## Given records
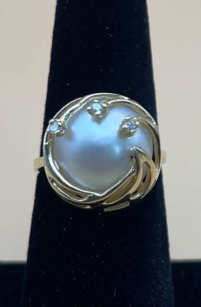 Gold 14kt 4.70gms Ring Sz:6 w/pearl and diamond
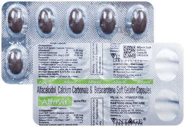 Alfavit Advance Capsule combines a comprehensive blend of key ingredients, including calcitriol for bone health, calcium carbonate for overall bodily functions, omega-3 fatty acids for heart and brain health, methylcobalamin for nerve function, folic acid for DNA synthesis, and boron for joint health. This unique composition enriches the supplement, offering a well-rounded approach to supporting bone health, the cardiovascular and nervous systems, and overall well-being.
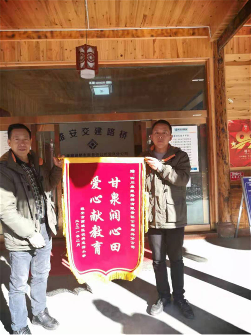 2月19日,雅安市雨城區(qū)第四小學(xué)漢碑校區(qū)將一面繡有“甘泉潤心田、愛心獻(xiàn)教育 ”的錦旗送到交建路橋公司寶興項(xiàng)目部,感謝路橋公司向漢碑校區(qū)捐贈(zèng)5萬元基金用以建設(shè)該校勞動(dòng)教育烹飪基地。
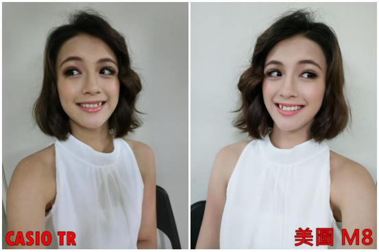 从这组照片可以看得出来,卡西欧TR虽然保持了原本的肤色,但脸部却因为阴影的关系显得偏暗;而美图M8针对脸部进行了自动补光,但肤色似乎偏白了些,有点失真。
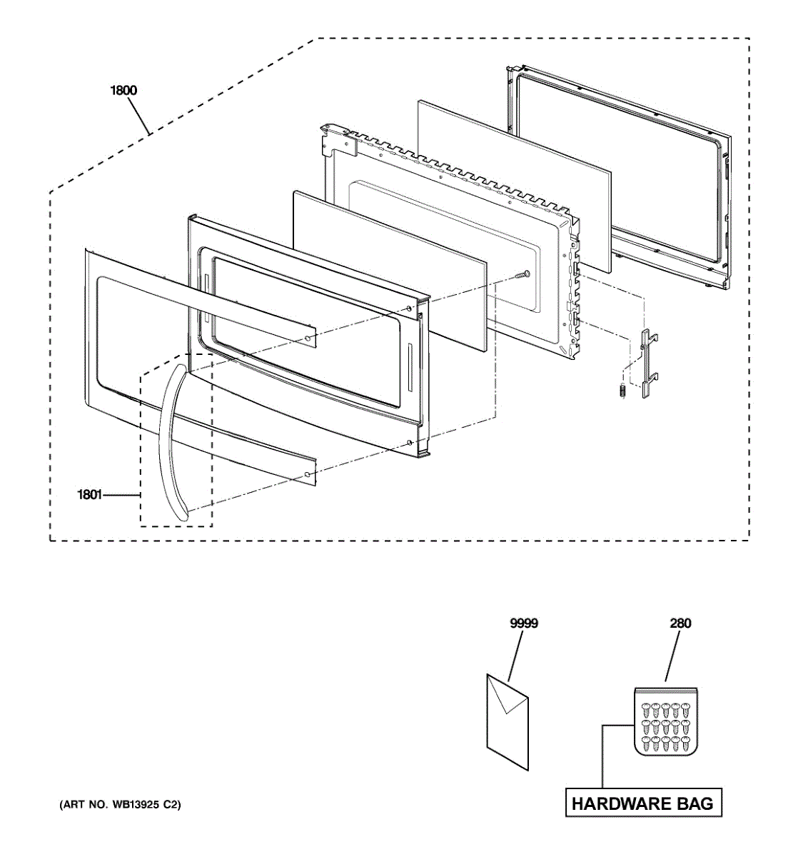 The Microwave Stainless Steel Handle Assembly is an OEM part for GE built-in microwave ovens.
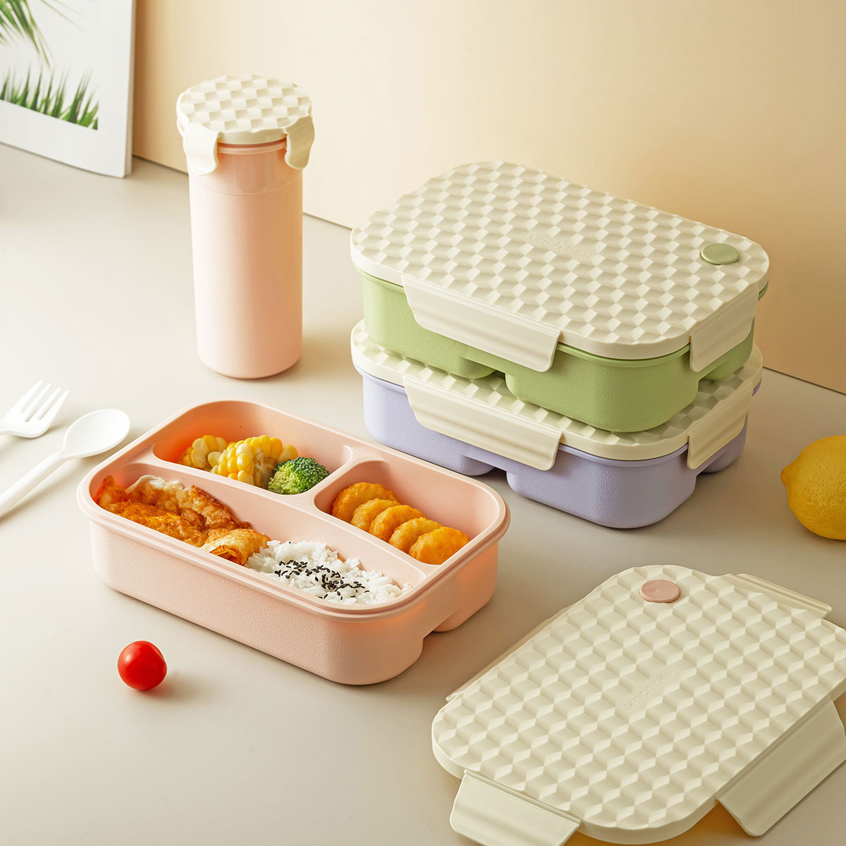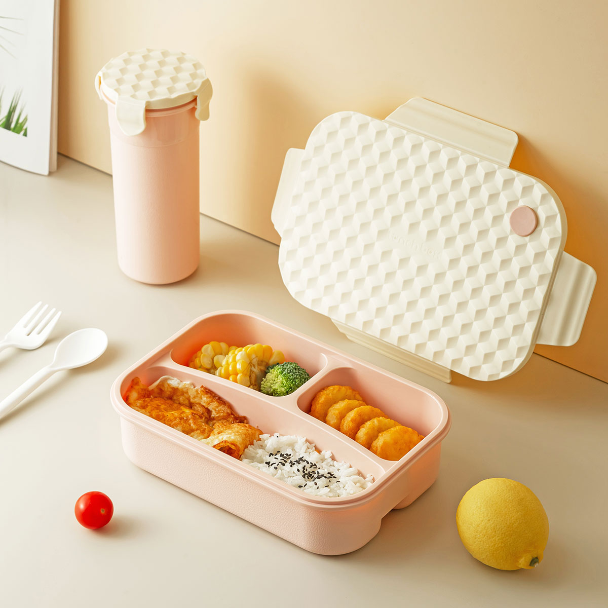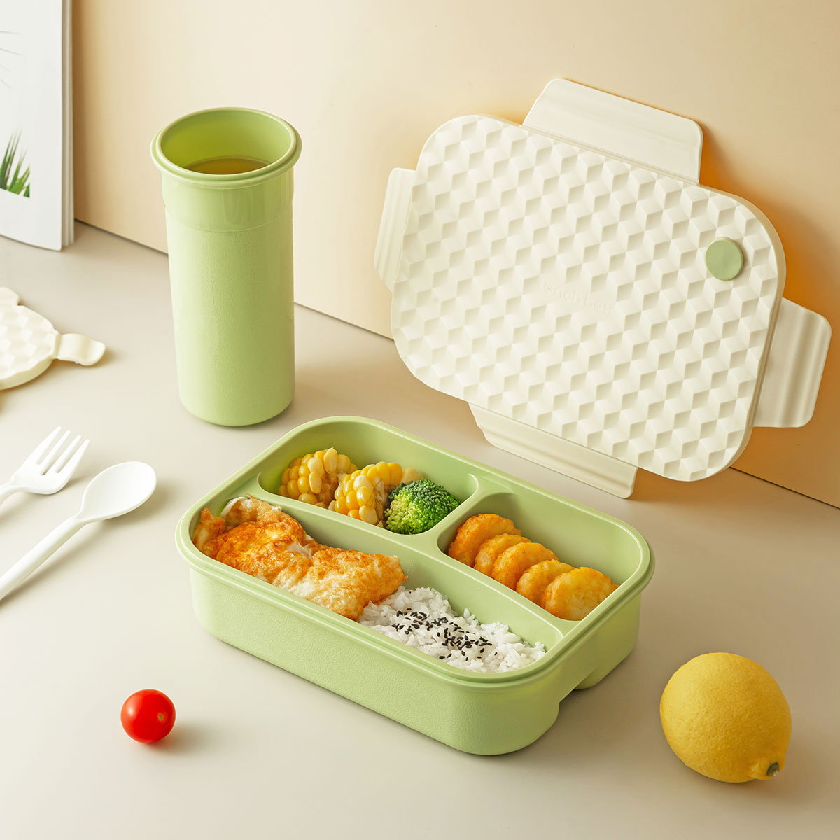 Size: 飯盒:230*160*66mm/1250ml 杯:84*65*175mm/500ml
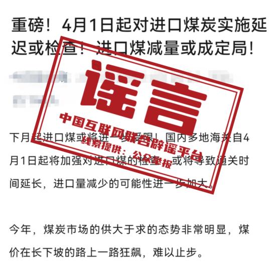 辟谣:关于“海关将对进口煤炭实施延迟检查”的信息不实
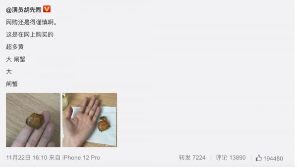 收到货的用户准备好姜丝蟹醋,烧开锅,迫不及待划开快递的一瞬间,当场傻眼:
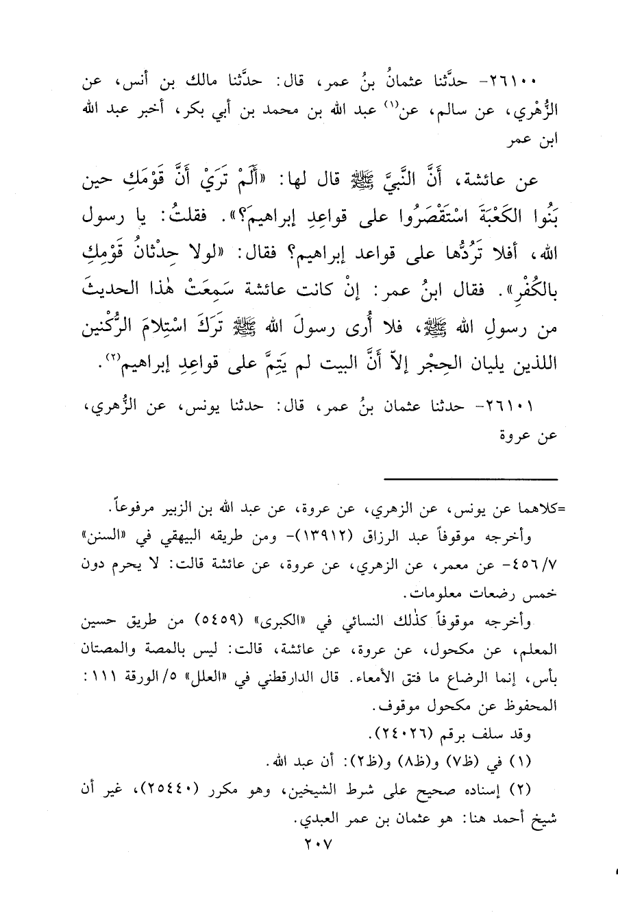 ٢٦١٠٠ - حَدَّثَنَا عُثْمَانُ بْنُ عُمَرَ، قَالَ: حَدَّثَنَا مَالِكُ بْنُ أَنَسٍ، عَنِ الزُّهْرِيِّ، عَنْ سَالِمٍ، عَنْ (١) عَبْدِ اللهِ بْنِ مُحَمَّدِ بْنِ أَبِي بَكْرٍ، أَخْبَرَ عَبْدَ اللهِ بْنَ عُمَرَ، عَنْ عَائِشَةَ، أَنَّ النَّبِيَّ صَلَّى اللهُ عَلَيْهِ وَسَلَّمَ قَالَ لَهَا: " أَلَمْ تَرَيْ أَنَّ قَوْمَكِ حِينَ بَنَوْا الْكَعْبَةَ اسْتَقْصَرُوا عَلَى قَوَاعِدِ إِبْرَاهِيمَ؟ " فَقُلْتُ: يَا رَسُولَ اللهِ، أَفَلَا تَرُدُّهَا عَلَى قَوَاعِدِ إِبْرَاهِيمَ؟ فَقَالَ: " لَوْلَا حِدْثَانُ قَوْمِكِ بِالْكُفْرِ ". فَقَالَ ابْنُ عُمَرَ: إِنْ كَانَتْ عَائِشَةُ سَمِعَتْ هَذَا الْحَدِيثَ مِنْ رَسُولِ اللهِ صَلَّى اللهُ عَلَيْهِ وَسَلَّمَ، فَلَا أَرَى رَسُولَ اللهِ صَلَّى اللهُ عَلَيْهِ وَسَلَّمَ تَرَكَ اسْتِلَامَ الرُّكْنَيْنِ اللَّذَيْنِ يَلِيَانِ الْحَجَرَ إِلَّا أَنَّ الْبَيْتَ لَمْ يُتَمَّ عَلَى قَوَاعِدِ إِبْرَاهِيمَ (٢)

## Activity
Out of the records above, return only the lines from the one with "Alfavit Advance Capsule" through the one with "2月19日,雅安市雨城區(q", exactly, and none of the pictures.

## Solved problem
 Alfavit Advance Capsule combines a comprehensive blend of key ingredients, including calcitriol for bone health, calcium carbonate for overall bodily functions, omega-3 fatty acids for heart and brain health, methylcobalamin for nerve function, folic acid for DNA synthesis, and boron for joint health. This unique composition enriches the supplement, offering a well-rounded approach to supporting bone health, the cardiovascular and nervous systems, and overall well-being.
 2月19日,雅安市雨城區(qū)第四小學(xué)漢碑校區(qū)將一面繡有“甘泉潤心田、愛心獻(xiàn)教育 ”的錦旗送到交建路橋公司寶興項(xiàng)目部,感謝路橋公司向漢碑校區(qū)捐贈(zèng)5萬元基金用以建設(shè)該校勞動(dòng)教育烹飪基地。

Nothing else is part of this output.